The IR absorption spectra of CFCs is quite full of holes like a picket fence made of only the posts. However, they do have IR emission frequencies equivalent to a number of very cold temperatures, which means that these would tend to cool the climate rather than warm it. Only when in sunlight do these gases use their higher temperature absorption bands. Counter to the models, in sunlight, the gases would absorb some of the insolation and re-emit it in al directions, some of which is lost to space. So, these gases would decrease the energy reaching the surface.

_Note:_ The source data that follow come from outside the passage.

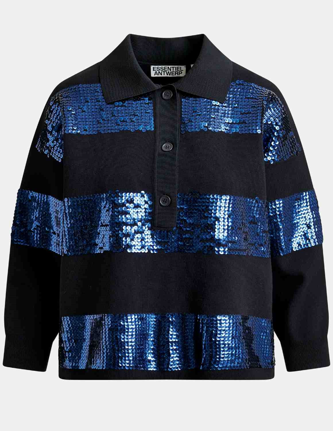 The Illuminati from Essentiel Antwerp is a fine-knit polo top which blends sporty structure with statement sparkle! Designed for a relaxed, boxy fit, it features sequin-embellished stripes across the body and sleeves, contrasted by a bold collar and placket. Dropped shoulders, 3/4 sleeves, and a subtly curved hemline add ease to the silhouette, while ribbed trims provide a clean finish.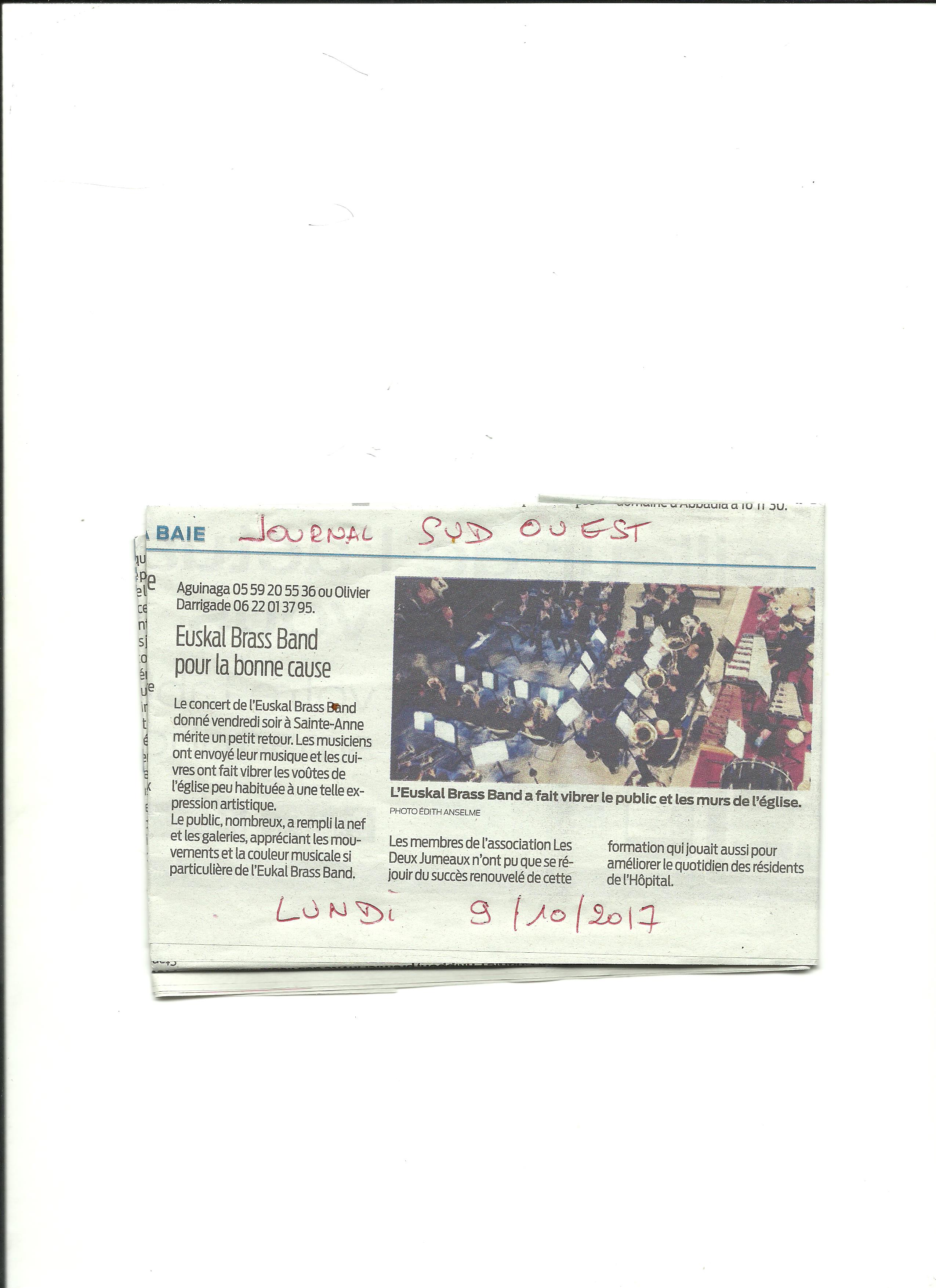 CONCERT EUSKAL BRASS BAND- MERCI! Publié le 09/10/201709/10/2017 par Deux Jumeaux 96 MERCI à toutes les personnes présentes VENDREDI SOIR, aux musiciens qui ont enchanté l’assemblée et à tous les bénévoles, sans oublier les membres du CLUB ROTARY D’HENDAYE Partagez! Cliquez pour partager sur Facebook(ouvre dans une nouvelle fenêtre) Facebook
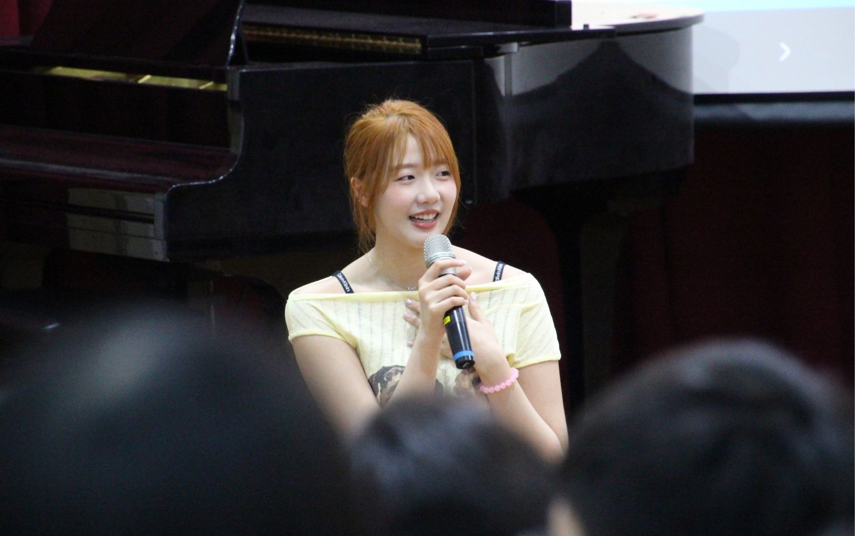 在互動時間,幾位同學踴躍發言,氣氛輕鬆又真誠。有人分享最想和喜歡的人做的事是「一起騎腳踏車」,引來現場一片驚呼與笑聲,泰菈也忍不住笑說:「青春的粉紅泡泡真的太濃了!」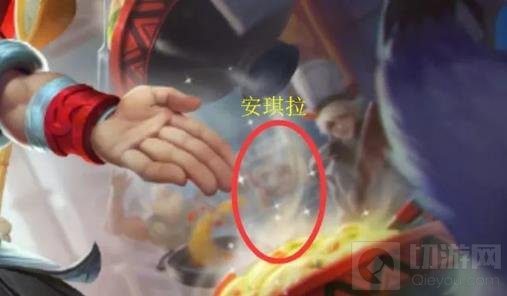 老夫子功夫老勺这款皮肤拥有很多彩蛋,原画中出现的英雄多达十个,但如果不仔细看,可能漏掉安琪拉。从左至右,有评委席的奕星、李元芳、公孙离,有二楼喝酒的剑仙李白,有正中央的助手小乔和主厨老夫子,有右侧等待品尝美食的程咬金、梦奇和安琪拉,还有一个也喜欢做菜的百里守约。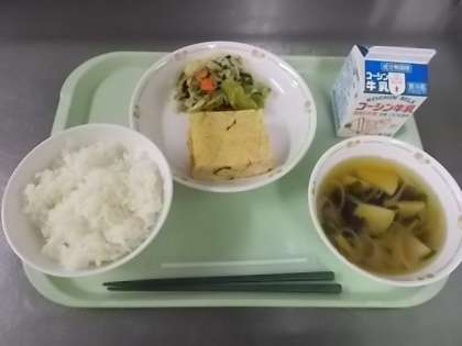 今日のお米は北海道産「ふっくりんこ」です。粒がふっくらしておいしそうなイメージから「ふっくりんこ」という名前になりました。だしは昆布とかつお節の「合わせ出汁」です。汁物は中の具によっても味が変わります。同じだしと味付けですが、一昨日のはっと汁とは違った味になりました。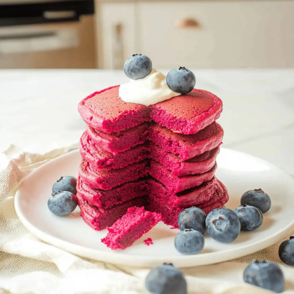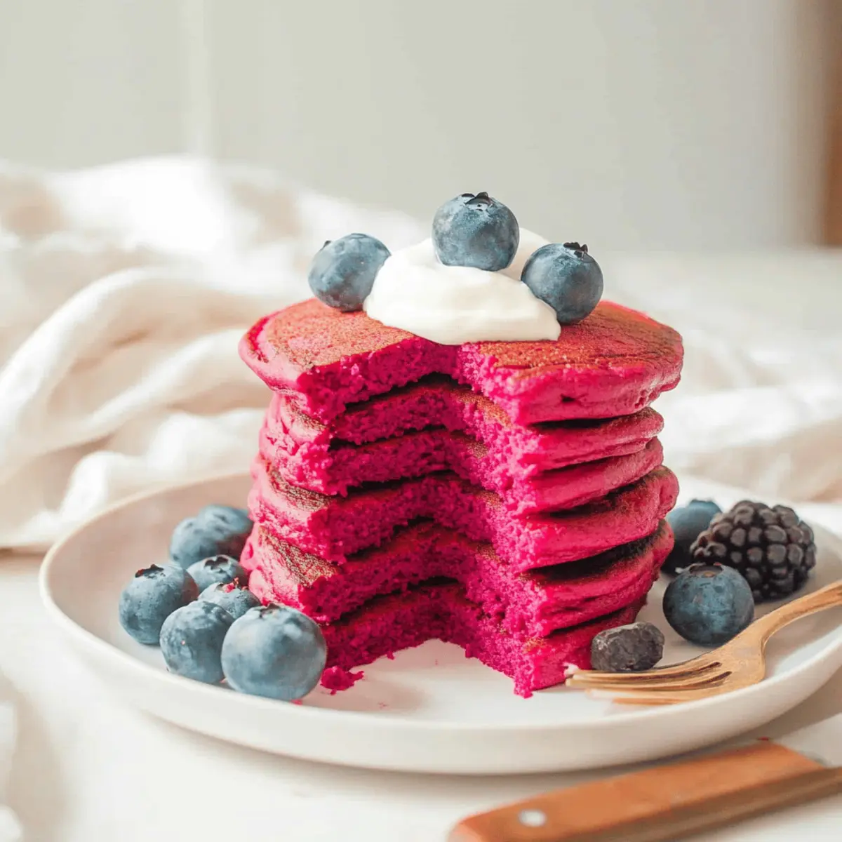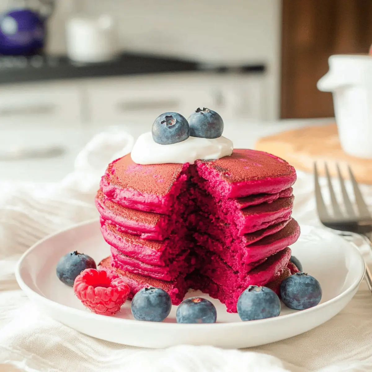 Jump to Recipe Print RecipeThe moment I first saw a stack of Pink Beet Pancakes glistening on the breakfast table, I was captivated. These pancakes not only boast a stunning ruby hue that’s sure to please the eyes and the tummy, but they also make sneaking in veggies a delightful experience for kids and adults alike. Trust me, this gluten-free, kid-friendly recipe is a lifesaver on chaotic mornings—quickly blended in just one step! They’re fluffy, subtly sweet, and surprisingly nutritious, transforming the traditional pancake experience into something vibrant and healthful. Whether you’re looking for a fun way to brighten up your breakfast routine or simply wanting to serve up something wholesome, these pancakes have you covered. Curious about how to whip up these beautiful breakfast beauties? Let’s dive into the recipe! Why Choose Pink Beet Pancakes? Visually Stunning: The vibrant color of these pancakes instantly adds a cheerful touch to your breakfast table. Health Boost: Packed with nutrient-rich beets, they provide essential vitamins while being gluten-free. Kid-Approved Flavor: Amazingly, kids love the subtle sweetness and unique taste—no more pancake battles at breakfast! Quick Prep: Whipped up in a blender, they save you precious time on busy mornings. Plus, consider serving them alongside Cinnamon Buttermilk Pancakes or with a side of Hazelnut Chocolate Pancake for a delightful pancake feast! Pink Beet Pancakes Ingredients For the Batter Rolled Oats – Provide structure and fiber; use certified gluten-free oats for a gluten-free option. Baking Powder – Responsible for leavening, making pancakes fluffy. Fine Salt – Enhances the flavor of other ingredients. Large Eggs – Binds the ingredients and adds richness. Plain Greek Yogurt – Contributes moisture and protein; substitute with unsweetened applesauce for a dairy-free option. Pure Vanilla Extract – Adds depth of flavor. Cooked Beets (peeled) – Introduces color and nutrients; you can start with a small amount if you’re new to beets, adjusting to taste. Unsweetened Applesauce – Provides natural sweetness and moisture; can be replaced with mashed ripe banana. Maple Syrup – Additional sweetness; adjust based on preference. Neutral Oil – Used for cooking to prevent sticking. Enjoy whipping up these Pink Beet Pancakes for a breakfast that’s as fun to make as it is to eat! Step‑by‑Step Instructions for Pink Beet Pancakes Step 1: Prepare Oat Flour Start by blending rolled oats with baking powder and fine salt in a high-speed blender. This should take about 30 seconds until it resembles a fine flour. Make sure there are no larger oat pieces left; this will create a light structure for your Pink Beet Pancakes. Once blended, set this oat flour mixture aside for later use. Step 2: Blend Wet Ingredients In the same blender, combine large eggs, plain Greek yogurt, pure vanilla extract, cooked beets, unsweetened applesauce, and maple syrup. Blend for about 1-2 minutes until the mixture is completely smooth and homogenous. The vibrant color of the cooked beets should shine through beautifully in your mixture, suggesting a delightful flavor is on its way. Step 3: Combine Mixtures Next, add the oat flour mixture back into the blended wet ingredients. Blend on low speed until it’s fully incorporated, about 30 seconds. The batter will be thick and pourable; check that there are no dry pockets remaining. This combination is what gives your Pink Beet Pancakes their lovely texture and fluffy finish. Step 4: Cook Pancakes Heat a non-stick skillet over medium-low heat and add a small amount of neutral oil to coat the pan evenly. Once the oil is shimmering but not smoking, spoon about 1/4 cup of the batter onto the skillet for each pancake. Cook for 2-3 minutes until bubbles form on the surface; then flip them and cook for another 2-3 minutes until golden brown. Step 5: Serve Remove the pancakes from the skillet and serve warm. Stack them high and consider topping them with fresh berries, a drizzle of maple syrup, or a dollop of Greek yogurt for extra flavor. For easy breakfasts throughout the week, store any leftovers in an airtight container in the fridge for up to five days or freeze them for longer enjoyment. What to Serve with Pink Beet Pancakes? Nothing complements these vibrant pancakes quite like adding a few delightful sides to your breakfast spread. Fresh Berries: Juicy strawberries, blueberries, or raspberries bring a natural sweetness and a pop of color that enhances the eye-catching pancakes. Their tangy flavors create a refreshing bite alongside the earthy beets. Maple Syrup Drizzle: A warm drizzle of authentic maple syrup adds a rich sweetness that ties together all the flavors on the plate. The syrup seeps into the pancakes, making each bite a comforting experience. Greek Yogurt Parfait: Layer creamy Greek yogurt with fruit and granola for a nourishing, textural contrast. The yogurt’s slight tang balances the sweetness, creating a lovely harmony on your breakfast table. Nut Butter Spread: A smear of almond or peanut butter introduces a nutty flavor that complements the earthy notes of the beets while adding healthy fats for lasting energy. This combination is not only tasty but satiates mid-morning cravings. Smoothie Bowl: Pair with a light fruit smoothie bowl topped with seeds and nuts. The refreshing nature and cool texture make for a beautifully nutritious breakfast, enhancing the pancake experience. Chai Latte or Herbal Tea: Complement your meal with a warm cup of chai latte or a soothing herbal tea. The spices and warmth of the drink contrast with the fluffy pancakes, creating a blissful morning experience. Make Ahead Options These Pink Beet Pancakes are perfect for meal prep enthusiasts! You can prepare the batter up to 24 hours in advance by blending all the wet ingredients along with the oat flour mixture and storing it in an airtight container in the refrigerator. This not only saves you

No gas at any concentration can heat Earth’s surface by IR emissions. It’s just not how they work. The atmosphere is warmed mostly by conduction from the surface and along with water vapor, the air convects upward, carrying enormous amounts of heat to altitude where adiabatic cooling condenses the water vapor and the latent heat is lost to space. This accounts for about 85% of Earths’ daily energy budget and is a factor not in the models, thus making them fail every time.
The big problem here is that the layer of the atmosphere that they would like to claim is warming the Arctic is actually colder than the surface and, thus, no IR directed downward can warm the surface. This IR would be reflected by the surface, as the equivalent energy levels would already be full. Cold objects cannot warm hot objects, a law of thermodynamics that has never ever been proven wrong.